Return each line of the data below verbatim; pictures are to be left out.

Records drawn from a dataset:
/---
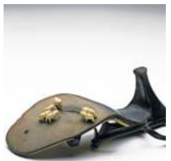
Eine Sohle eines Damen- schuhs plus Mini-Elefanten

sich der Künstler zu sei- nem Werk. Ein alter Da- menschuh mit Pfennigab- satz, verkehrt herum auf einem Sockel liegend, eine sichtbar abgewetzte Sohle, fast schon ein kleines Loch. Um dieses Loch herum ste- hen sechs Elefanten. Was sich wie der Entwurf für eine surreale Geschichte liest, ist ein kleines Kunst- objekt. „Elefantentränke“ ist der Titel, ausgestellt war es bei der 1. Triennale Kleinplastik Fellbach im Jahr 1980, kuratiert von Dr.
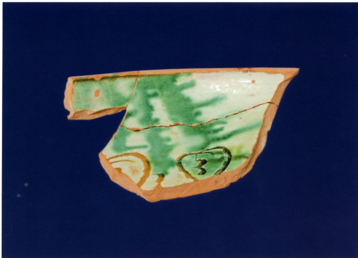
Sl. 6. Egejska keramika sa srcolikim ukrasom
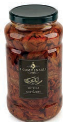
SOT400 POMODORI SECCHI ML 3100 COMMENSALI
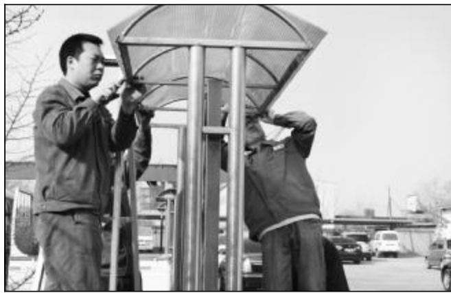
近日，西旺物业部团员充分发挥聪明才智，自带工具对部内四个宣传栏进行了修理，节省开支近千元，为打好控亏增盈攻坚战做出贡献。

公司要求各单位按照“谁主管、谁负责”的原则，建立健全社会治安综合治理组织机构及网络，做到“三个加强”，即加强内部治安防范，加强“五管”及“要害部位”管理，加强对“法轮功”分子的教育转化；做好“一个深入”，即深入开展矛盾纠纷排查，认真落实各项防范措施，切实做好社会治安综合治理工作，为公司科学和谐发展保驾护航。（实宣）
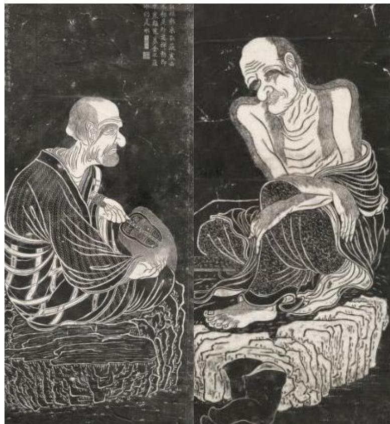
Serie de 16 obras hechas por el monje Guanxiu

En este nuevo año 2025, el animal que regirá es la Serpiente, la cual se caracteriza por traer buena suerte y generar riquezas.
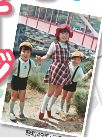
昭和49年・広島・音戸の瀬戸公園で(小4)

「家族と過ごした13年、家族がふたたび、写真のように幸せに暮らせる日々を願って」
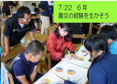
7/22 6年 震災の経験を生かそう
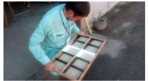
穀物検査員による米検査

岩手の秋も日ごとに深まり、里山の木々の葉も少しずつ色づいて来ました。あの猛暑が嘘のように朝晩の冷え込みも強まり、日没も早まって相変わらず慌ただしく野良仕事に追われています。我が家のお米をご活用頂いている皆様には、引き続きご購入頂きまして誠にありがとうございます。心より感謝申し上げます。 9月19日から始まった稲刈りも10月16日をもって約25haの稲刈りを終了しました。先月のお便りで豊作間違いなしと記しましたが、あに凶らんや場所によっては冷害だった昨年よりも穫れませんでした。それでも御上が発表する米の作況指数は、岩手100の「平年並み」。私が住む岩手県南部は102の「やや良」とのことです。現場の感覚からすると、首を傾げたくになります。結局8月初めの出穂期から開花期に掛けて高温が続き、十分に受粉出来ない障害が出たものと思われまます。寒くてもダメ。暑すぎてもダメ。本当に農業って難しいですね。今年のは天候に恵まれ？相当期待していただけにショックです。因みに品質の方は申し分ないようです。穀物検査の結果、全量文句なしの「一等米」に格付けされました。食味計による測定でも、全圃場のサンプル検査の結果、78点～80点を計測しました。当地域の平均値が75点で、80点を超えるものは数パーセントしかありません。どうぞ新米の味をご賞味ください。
\---
» **RESPONSE TO THIS EXERCISE**:
Eine Sohle eines Damen- schuhs plus Mini-Elefanten

sich der Künstler zu sei- nem Werk. Ein alter Da- menschuh mit Pfennigab- satz, verkehrt herum auf einem Sockel liegend, eine sichtbar abgewetzte Sohle, fast schon ein kleines Loch. Um dieses Loch herum ste- hen sechs Elefanten. Was sich wie der Entwurf für eine surreale Geschichte liest, ist ein kleines Kunst- objekt. „Elefantentränke“ ist der Titel, ausgestellt war es bei der 1. Triennale Kleinplastik Fellbach im Jahr 1980, kuratiert von Dr.
Sl. 6. Egejska keramika sa srcolikim ukrasom
SOT400 POMODORI SECCHI ML 3100 COMMENSALI
近日，西旺物业部团员充分发挥聪明才智，自带工具对部内四个宣传栏进行了修理，节省开支近千元，为打好控亏增盈攻坚战做出贡献。

公司要求各单位按照“谁主管、谁负责”的原则，建立健全社会治安综合治理组织机构及网络，做到“三个加强”，即加强内部治安防范，加强“五管”及“要害部位”管理，加强对“法轮功”分子的教育转化；做好“一个深入”，即深入开展矛盾纠纷排查，认真落实各项防范措施，切实做好社会治安综合治理工作，为公司科学和谐发展保驾护航。（实宣）
Serie de 16 obras hechas por el monje Guanxiu

En este nuevo año 2025, el animal que regirá es la Serpiente, la cual se caracteriza por traer buena suerte y generar riquezas.
昭和49年・広島・音戸の瀬戸公園で(小4)

「家族と過ごした13年、家族がふたたび、写真のように幸せに暮らせる日々を願って」
7/22 6年 震災の経験を生かそう
穀物検査員による米検査

岩手の秋も日ごとに深まり、里山の木々の葉も少しずつ色づいて来ました。あの猛暑が嘘のように朝晩の冷え込みも強まり、日没も早まって相変わらず慌ただしく野良仕事に追われています。我が家のお米をご活用頂いている皆様には、引き続きご購入頂きまして誠にありがとうございます。心より感謝申し上げます。 9月19日から始まった稲刈りも10月16日をもって約25haの稲刈りを終了しました。先月のお便りで豊作間違いなしと記しましたが、あに凶らんや場所によっては冷害だった昨年よりも穫れませんでした。それでも御上が発表する米の作況指数は、岩手100の「平年並み」。私が住む岩手県南部は102の「やや良」とのことです。現場の感覚からすると、首を傾げたくになります。結局8月初めの出穂期から開花期に掛けて高温が続き、十分に受粉出来ない障害が出たものと思われまます。寒くてもダメ。暑すぎてもダメ。本当に農業って難しいですね。今年のは天候に恵まれ？相当期待していただけにショックです。因みに品質の方は申し分ないようです。穀物検査の結果、全量文句なしの「一等米」に格付けされました。食味計による測定でも、全圃場のサンプル検査の結果、78点～80点を計測しました。当地域の平均値が75点で、80点を超えるものは数パーセントしかありません。どうぞ新米の味をご賞味ください。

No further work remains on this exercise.